18th bday, went to bar with family (sisters and cousins mostly). Seeing as they're all older and with jobs, they just kept feeding me drink after shot after drink. I know at some point I was dancing with some older ladies, and then my sisters decided I had to leave. On the ride home (in a cab) I suddenly woke up and spewed all over myself, wrecking my hockey team jacket. Puked again before we got home (managed to pull over and puke out the door this time).
Got home, went straight for the shower since I felt gross and pukey. Got naked, got into shower, and sat down. Proceeded to let rip the biggest and loudest fart ever, which was amplified many times over by both the water under my ass and the fact that I was in a bath/shower so it was like a big horn.

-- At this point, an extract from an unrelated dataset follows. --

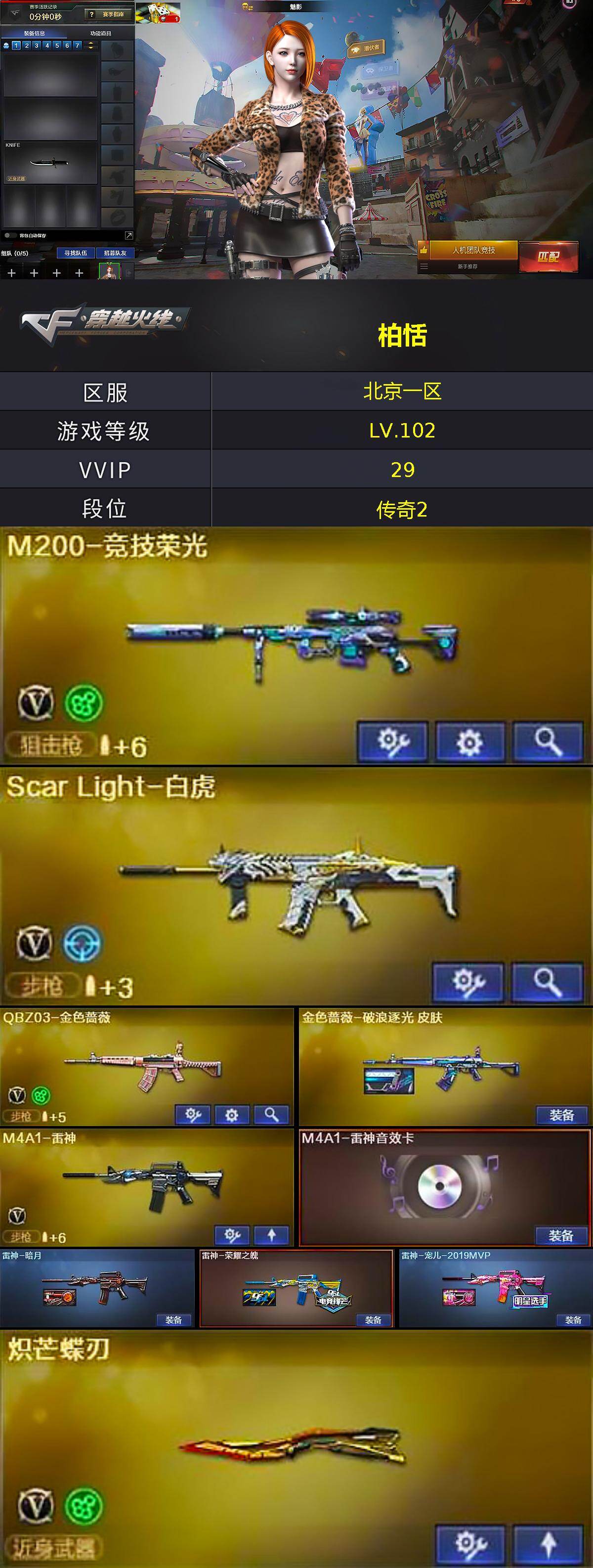 【热门武器】:QBZ03-金色蔷薇,Scar Light-白虎,M200-竞技荣光,M4A1-黑骑士,沙鹰-修罗*2,炽芒蝶刃

Anyway, then I puked out my pizza dinner some more, in the shower, stood up, I guess I dried off or something. I know my mom was all "are you ok???" at the door. Oh and my sister's boyfriend was laughing his ass off at my mega fart... anyway, I made it to bed, and woke up with towels on my pillows, a bit of puke stains, and a killer hang over. Apparently I puked in my sleep and my mom thought I was dying.
I have another story.
New years. I was... 19 or 20. Probably 19. Went to cousin's girlfriend's big huge house party. I brought some Captain Morgans and proceeded to drink it with coke like it was nothing. Had plenty of fun, all that good stuff. I remember at midnight we went outside and I ended up with 2 roman candles, lit, in my hands which I shot wherever.

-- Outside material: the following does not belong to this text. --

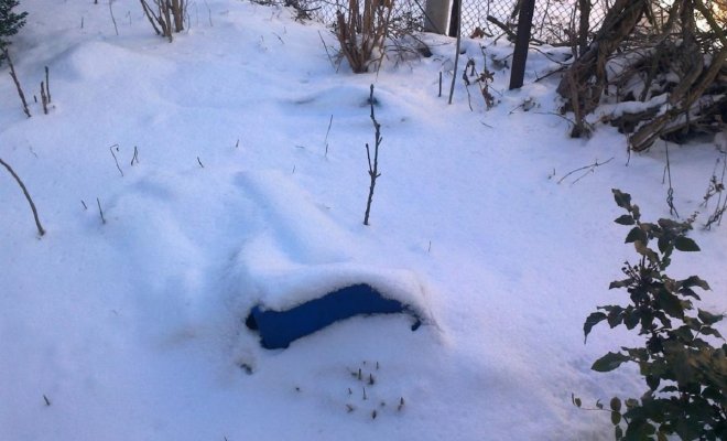 Дождавшись подходящей (не слишком морозной) погоды, постарайтесь очистить укрытие от снега. Затем приподнимите сломанные или поваленные на землю элементы конструкции, не слишком оголяя побеги. По возможности замените сломанные опоры, а те, что погнулись от веса снега, распрямите. Чтобы предотвратить повторное прогибание, поставьте внутрь укрытия крепкие опоры – ведра или деревянные чурки.

Anyway, around 2 am I guess the full on drunkeness hit so I went for the bathroom. I don't know exactly what happened, but I do know I ended up sitting on the toilet pooping and puking between my legs, and somewhat passing out but trying hard not to. The miracle is that apparently my puke was pretty well projected as I wasn't covered in it.
Terrible, terrible headache the next day.
I have another story.
I was at my cousin's house (same cousin) with my girlfriend of the time (she was 17) and I also brought a good friend of mine, since elementary. It was a poker game tourney and we brought a 26oz of rum. I suck at poker so I was out after however many rounds, but more importantly our rum was gone. So I've drank half a 26... and we get this brilliant idea that we need more! Obviously I was already trashed, but I got in a car with a friend who was sober (I hope) and we did a liquor run. FYI, liquor run was happening anyway, I just wanted to make sure I got my stuff.
Anyway, bought another 26... got my friend to pour our cups. Well after we finish 1 drink each I hand him back my cup for another. Maybe halfway through that I catch a glimpse of our bottle - it was empty. This crazy fuckin guy poured 1/4 of a 26 per cup! Teeth were already numb so it's not like I could taste it, so yeah, wow, drank a full 26 to myself basically.
Needless to say, puking occured. So did some other crap about getting my gf home on time (taxi didn't show up). I don't quite remember how we got home, but my friend apparently spent the night in the bathroom in a pool of his own puke. Oh and queue massive hang over.
So. Kids. Drink responsibly. When your teeth are numb, you are already too drunk - start chugging water!!!!
I honestly barely drink anymore, and when I do it's just a few beers. Haven't been good and drunk in probably 2 years. I'm 26, btw.
EDIT: I have another story.
Went to the bar with some friends. We pre drank vodka and 7up at my place. I think there was 3 or 4 or us guys. Anyway get to the bar, head upstairs and chill. I order a 7up and dump an entire flask into it. Drank it down pretty quick and... don't remember. Blacked out. Next thing I know It's like 1am and I'm in line at this bar called Wooly Bullies where I think I was supposed to meet people. Suddenly a bunch of guys spill out of the bar and have this big brawl on the street. I'm just like "DAFUQ!?", turn and walk away. I think I just hopped a cab home, never saw my friends, and no idea what happened most of the night. I vaguely remember walking down the ave with some other friends and stopping at a liquor store. And punching lamp posts. That's about it.